O Espaço Vital buscou contato com a presidente da OAB da Bahia, advogada Daniela Lima de Andrade Borges. O objetivo era colher a opinião pessoal da dirigente e de sua diretoria sobre aspectos e repercussões da frase “A advogada mais ousada do Brasil”. Não houve retorno.

Com o setor de comunicação social da OAB baiana, obteve-se todavia o número oficial de advogados inscritos regularmente na seccional: são 58.482. A predominância é do gênero feminino (31.054) sobre o masculino (27.428).

Entre os/as estagiários/as, a predominância é “deles”: são 260, ante 165 delas.


Mudando de assunto: despautérios

Condenado a 426 anos de cadeia por corrupção - especialmente propinas pagas por empreiteiros - o milionário Sérgio Cabral, ex-governador do Rio de Janeiro, já pensa em voltar à política em 2026. Quer concorrer a deputado federal.
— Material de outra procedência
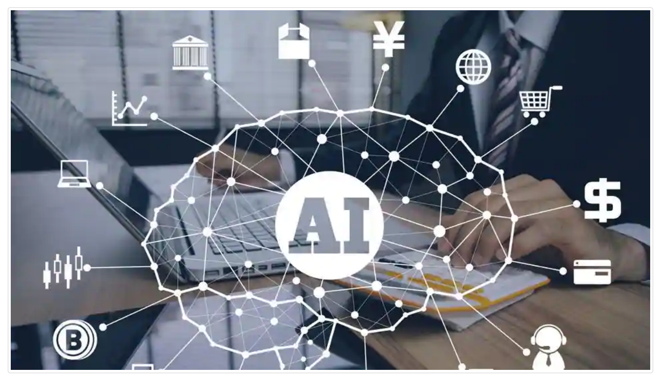
Registration for the festival is free and will have free and will include workshops, games and exhibits.

Artificial intelligence-generated art, AI (artificial intelligence) driverless cars, and brain-controlled helicopters to be major attractions at the Indian Science Festival 2020 which will be held at the Indian Institute of Science Education and Research (IISER), Pashan, on January 11 and 12.
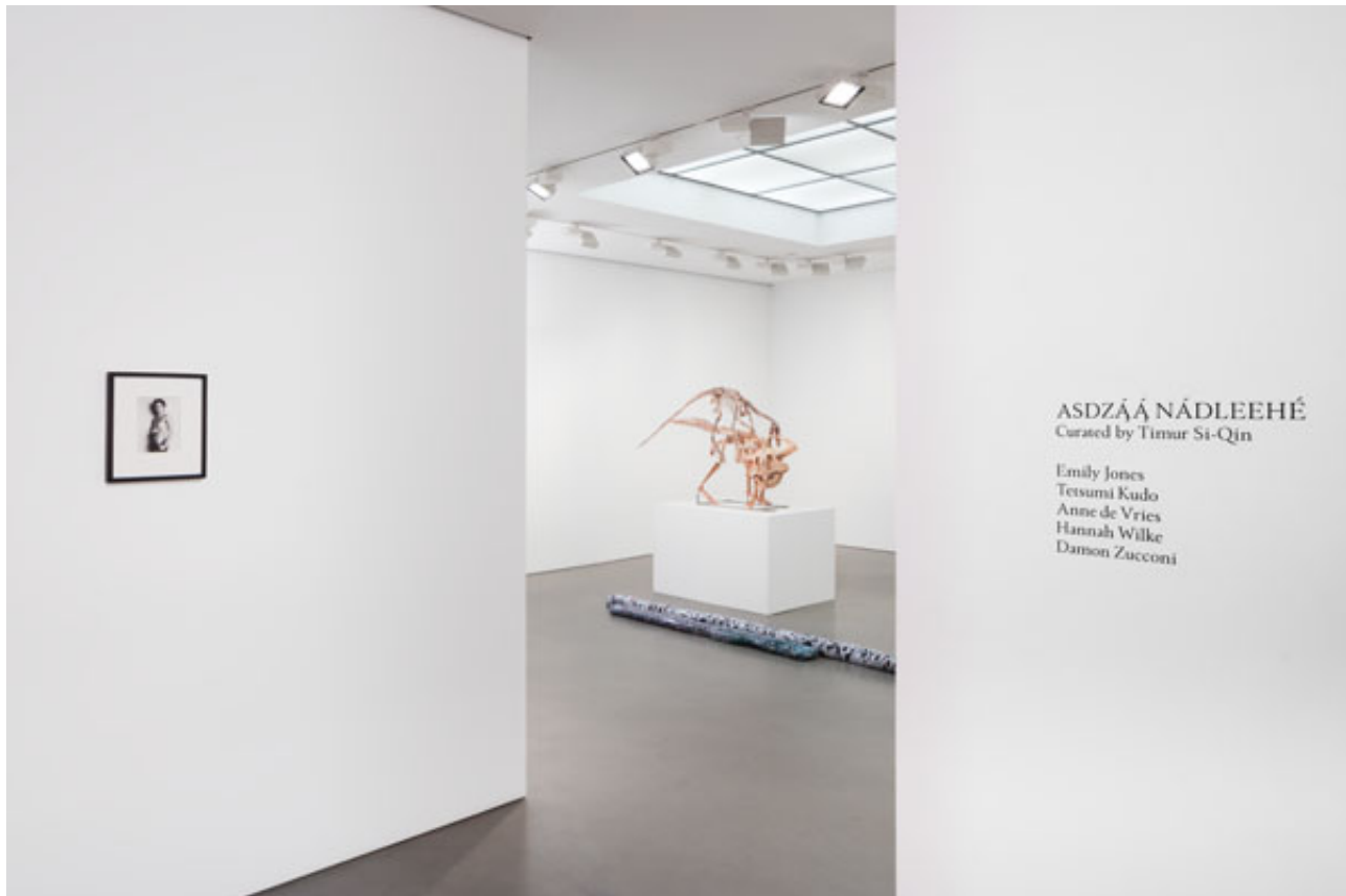
Installation view: Asdzáą Nádleehé curated by Timur Si-Qin.

Organized by Timur Si-Qin at Andrea Rosen Gallery , the group exhibition Asdzáą Nádleehé (Changing Woman) is an ambitious display of varying capabilities of artistic production.

Ele ficou preso durante somente seis anos e, ainda assim, com regalias no sistema penitenciário. E saiu “free” em dezembro de 2022.
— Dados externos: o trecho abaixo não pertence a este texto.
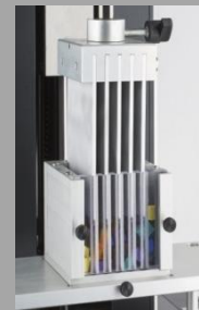
5 blades Kramer cell
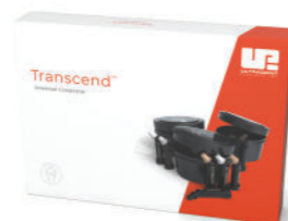
4814 - Transcend Singles Intro Kit 10 x 0,2 g singles of each shade: A1D, A2D, A3D, B1D, EN, EW, UB

A conjunção merece um título: “Quando o crime compensa”.


Recuperação judicial

Decisão do juiz Gilberto Schaffer, da Vara Regional Empresarial de Porto Alegre, autorizou o processamento da recuperação judicial da Fundação Universitária de Cardiologia do Rio Grande do Sul.

Pelo julgado monocrático proferido no domingo (26) também foram suspensos os bloqueios e outros atos executivos contra a entidade. Ela recebeu o prazo de 60 dias para apresentar plano de recuperação. Suas dívidas chegam a R$ 257 milhões.

Foram nomeadas como administradoras judiciais as sociedades de advogados Cainelli de Almeida Advogados e Von Saltiel Advocacia e Consultoria Empresarial

(Proc. nº 5245072-73.2023.8.21.0001).

Para ler a decisão inicial, clique aqui.


Pesadas demais

O Brasil tem três vezes mais crianças com excesso de peso do que a média global. A piora vem desde o isolamento causado pela Covid. Mas as causas incluem também a diminuição de exercícios físicos e o desajuste na alimentação.

O levantamento é do Observatório de Saúde na Infância, da Fiocruz. E refere que “os altos números da obesidade infantil decorrem também da falta de regulamentação dos alimentos ultraprocessados no Brasil”.